The new bill discussed in the US Congress has brought the limitation of reward practices for stablecoins to the agenda. Circle shares in particular suffered a significant loss following the new draft that would ban returns to passive stablecoin balances. The drop in share price has raised concerns among investors about the possible effects of the bill on the company’s revenue model.
Circle rating in Citi and Bernstein reports
Circle operates as a US-based technology company that issues USD Coin (USDC) and develops digital asset infrastructure. In the report published by Wall Street bank Citi, it was stated that the legal regulation does not pose a definite threat, but may cause a short-term growth obstacle for Circle. The report states that the bill only restricts reward programs that are similar to banking deposits; It was emphasized that rewards based on activities such as transactions or payments are possible.

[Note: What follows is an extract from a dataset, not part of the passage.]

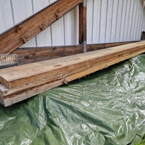 Gran materialer i store dimensjoner selges samlet. Er blitt til ivers fra et tidligere prosjekt. Er skjært på båndsag i fjor sommer, ligget til tørk siden det. Burde nok tørke lenger hvis det ikke skal brukes til noe grovt/utebenker eller lignende. Lengde er ca 4m og dim på stokken var 40cm. De er skjært på ca 7cm tykkelse. Selges samlet alle fire 1000kr, da de bare ligger og tar plass. Må hentes, Steinsholt vestfold.

Circle already transfers the bulk of its reserve revenues to its partners, specifically Coinbase, so a blanket third-party rewards ban would not directly impact the company’s net income, Citi analysts said. It was also emphasized that USDC is not an investment tool but rather a payment solution; It was stated that the weakening of return incentives may reduce circulation and liquidity in the short term.

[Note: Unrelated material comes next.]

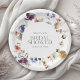 Ein Kranz aus eleganten Blumen umgibt Ihren Text auf diesem Teller für die Brautparty mit romantischen Wasserfarbenblüten und verfeinerter moderner Typografie. Perfekt für Gartenpartys, Brunchs und exklusive Brautpartys im Frühling und Sommer sowie für Brautpartys in den Herbstmonaten. Anpassen mit dem Namen der Braut und dem Datum der Veranstaltung. Dieses Produkt ist Teil einer abgestimmten floralen Party-Kollektion für Bräute und enthält passende Einladungen, Favor-Tags, Dankeskarten, Willkommensschilder, Speisekarten und Partydekoration für ein zusammenhängendes und schön gestaltetes Ereignis. Die Teller sind in 2 Größen erhältlich; hier gezeigt in der kleineren Größe mit 18 cm Durchmesser, sind sie auch in einer größeren Größe mit 23 cm Durchmesser erhältlich.

In the assessment of Wall Street brokerage firm Bernstein, it was stated that the market misinterpreted the bill. In particular, it was pointed out that there is confusion between who provides the return sharing and who distributes it. Circle generates revenue from reserve assets and does not pay returns directly to the user; Platforms such as Coinbase perform this application.
Market reactions, competition and regulatory pressure
Circle shares lost approximately 20 percent of their value after the draft law emerged. While the target price set by Citi for Circle shares was $243, the stock was traded around $100 on the relevant day. Bernstein announced that he continues to rate Circle positively and set a target price of $190.

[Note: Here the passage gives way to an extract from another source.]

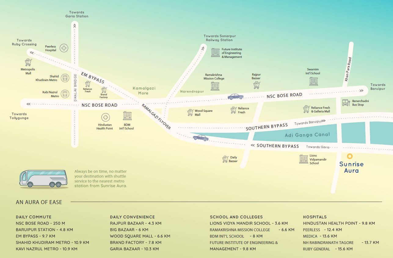 Sureka Sunrise Aura is a luxurious township located in South Kolkata,Kolkata. It offers 232 units spread over an area of 8.04 acres. The township offers 2 BHK-3 BHK apartments that come with 677 sqft to 964 sqft sizes. The project features apartments having Excellent lighting and ventilation, which makes it a perfect place to live in. The township is well connected to Eastern Metropolitan Bypass and is close to Swami Vivekananda Institute Of Science and Technology.

The uncertainty created by the developments regarding the bill affected investors’ perspective on the crypto market and especially stablecoin issuers. In addition, Tether’s announcement that it plans to receive a full-scale audit from a large auditing firm and signaling growth in the US market has increased competition in the stablecoin field.
Circle’s income model is based on a structure that does not offer returns in its current form, and it was stated that the company made a profit of $2.64 billion from reserve income during the year. It is reported that the regulatory pressures that negatively affect Circle shares do not pose a permanent threat because the company does not provide returns directly to the user.
On the other hand, Coinbase has a cautious attitude in the negotiations on the Clarity Act. The company, which privately conveyed to Senate officials that they were dissatisfied with the current format, has not yet made a public statement of opposition.